Virgin Records kicked down the cash for a full album and now thirty years later Dare is like Rumours or Nevermind or There’s a Riot Going On or Kind of Blue or The Chronic or Thriller. Hell, even Born This Way, probably. It’s a moment album, something that seems to capture a time just so, just right, you can almost feel fingers pointing in awe and urgency, “Here! Here, here it is, it’s right HERE!” That’s the romance of the pop music construct, that’s precisely why it works.
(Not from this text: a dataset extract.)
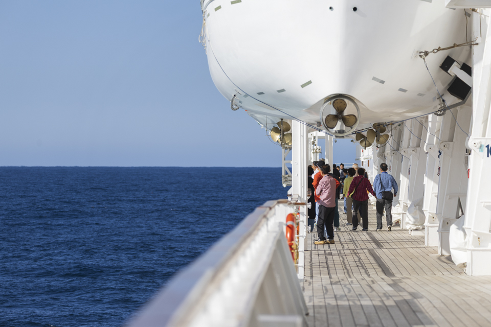 昨夕に横浜を出た「飛鳥Ⅱ」は太平洋を北東へと進んでいます。毎朝8時50分のキャプテンによる定時の放送では、「黒潮の流れを後ろから受けて快調に航行を続けている」とのこと。クルーズ2日目のきょうが、実質的な船内生活の始まりの日です。午前中にはスタッフキャプテン(副船長)やドクターらによる船内生活オリエンテーションがありました。

It doesn’t cover everything, it can’t and won’t, it’s not the ultimate immediacy of a standalone single or a one-off track, but it works on impact and it lingers, it’s something easy to refer to and seems almost too obvious as a result but that’s because it WORKS.

For each of the albums I named the producer or producers are as important as the performers, if they’re not one and the same. Hearing Rushent throughout the album, his engineering ears clearly being brought to bear, is to hear someone knowing the difference between “That keyboard sounds nice” and “What that keyboard is playing would sound really fantastic like THIS.” And it’s not just keyboards, of course, it’s everything, all that goes into the performances, vocals, beats, ‘atmosphere,’ however you want to call it.

Never, ever underestimate the impact the great popularizers have, and that was Rushent by default, a popularizer who was also a technical wiz, someone who never claimed to be avant garde per se but figured out ways to use and imprint the avant garde into the wider world. That he then nearly one-upped himself with the spin-off/remix League Unlimited Orchestra project, Love and Dancing, shows how much of a creative roll he was on; if he wasn’t the first remixer, he again helped by being a massive popularizer, spelling out some implications, giving a demonstration by default.

After his most famous days, Rushent — rather admirably to my mind — retreated to focus on family more, working more casually in the industry rather than trying to break his back obsessively keeping up with it, most recently having produced some work by the Pipettes among others. If that meant being associated with a time and place in the end, then hey — if you’re going to make a mark, make it a huge one. Rest well indeed — it took more than seconds and it’s lasted lifetimes.

(And I will say this — I wasn’t necessarily planning to resemble Phil Oakey in this random photo from last night but I wonder if there wasn’t something in the air.)